### TASK:
Exclude images; transcribe the rest of the data exactly.

*** COLLECTED MATERIAL ***

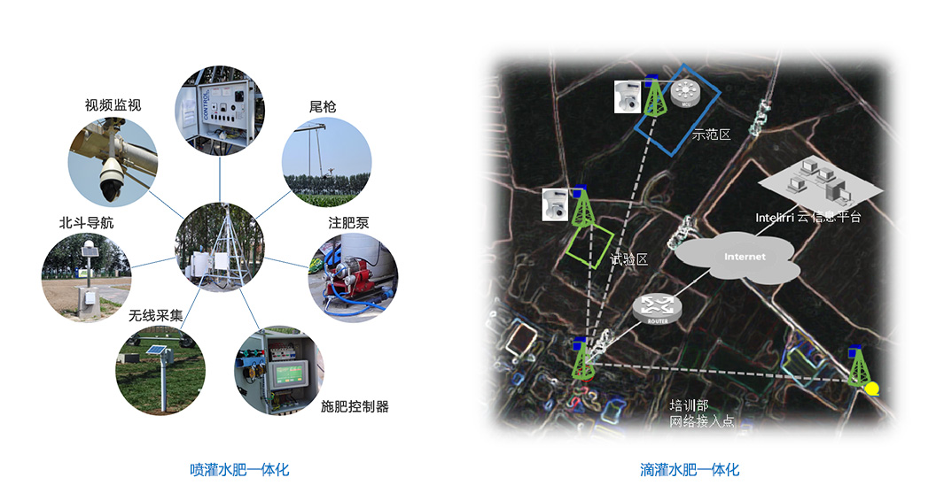 運用物聯網、大數據、雲計算與傳感器技術相結合的方式,對農業生産環境中的大氣溫度、大氣濕度、土壤濕度、土壤濕度、光照強度、作物系數等參數進行實時監控,系統通過分析傳感器的實時數據信息,結合雲平台上設置的預設條件,進行分析并制定灌溉決策,進行自動化智能化灌溉(不同條件下對首部、噴灌機、噴頭陣列等設備的啓閉控制)、施肥系統的控制。
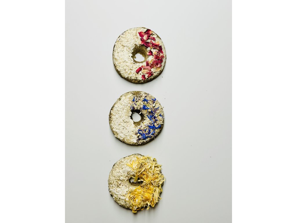 Our hay donuts are designed to please the eyes and taste buds of every sweet-toothed cat. Each donut is hand-pressed from high-quality hay and decorated with rose, cornflower or marigold petals, which provide not only a beautiful aroma, but also beneficial effects:
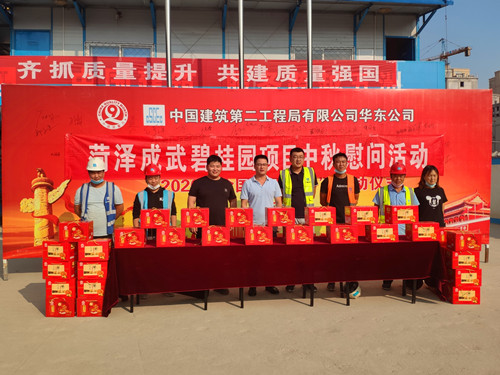 金秋送爽,丹桂飄香。中秋是中華民族的傳統佳節,在闔家共聚、慶祝團圓的日子,9月26日,中建二局華東公司菏澤成武碧桂園·永昌府項目部組織開展了中秋慰問活動,為堅守在崗位默默奉獻的一線工人送上了溫情的節日問候,并將精心準備的月餅發放到他們手中,讓大家感受到項目部大家庭的溫暖。月餅雖小,卻包含著濃濃的關愛,看著項目部派發的月餅,工人們高興不已,月餅非?煽、好吃,工人們拿著月餅,笑在臉上,樂在心里。

***

### PROBLEM SOLUTION:
 運用物聯網、大數據、雲計算與傳感器技術相結合的方式,對農業生産環境中的大氣溫度、大氣濕度、土壤濕度、土壤濕度、光照強度、作物系數等參數進行實時監控,系統通過分析傳感器的實時數據信息,結合雲平台上設置的預設條件,進行分析并制定灌溉決策,進行自動化智能化灌溉(不同條件下對首部、噴灌機、噴頭陣列等設備的啓閉控制)、施肥系統的控制。
 Our hay donuts are designed to please the eyes and taste buds of every sweet-toothed cat. Each donut is hand-pressed from high-quality hay and decorated with rose, cornflower or marigold petals, which provide not only a beautiful aroma, but also beneficial effects:
 金秋送爽,丹桂飄香。中秋是中華民族的傳統佳節,在闔家共聚、慶祝團圓的日子,9月26日,中建二局華東公司菏澤成武碧桂園·永昌府項目部組織開展了中秋慰問活動,為堅守在崗位默默奉獻的一線工人送上了溫情的節日問候,并將精心準備的月餅發放到他們手中,讓大家感受到項目部大家庭的溫暖。月餅雖小,卻包含著濃濃的關愛,看著項目部派發的月餅,工人們高興不已,月餅非?煽、好吃,工人們拿著月餅,笑在臉上,樂在心里。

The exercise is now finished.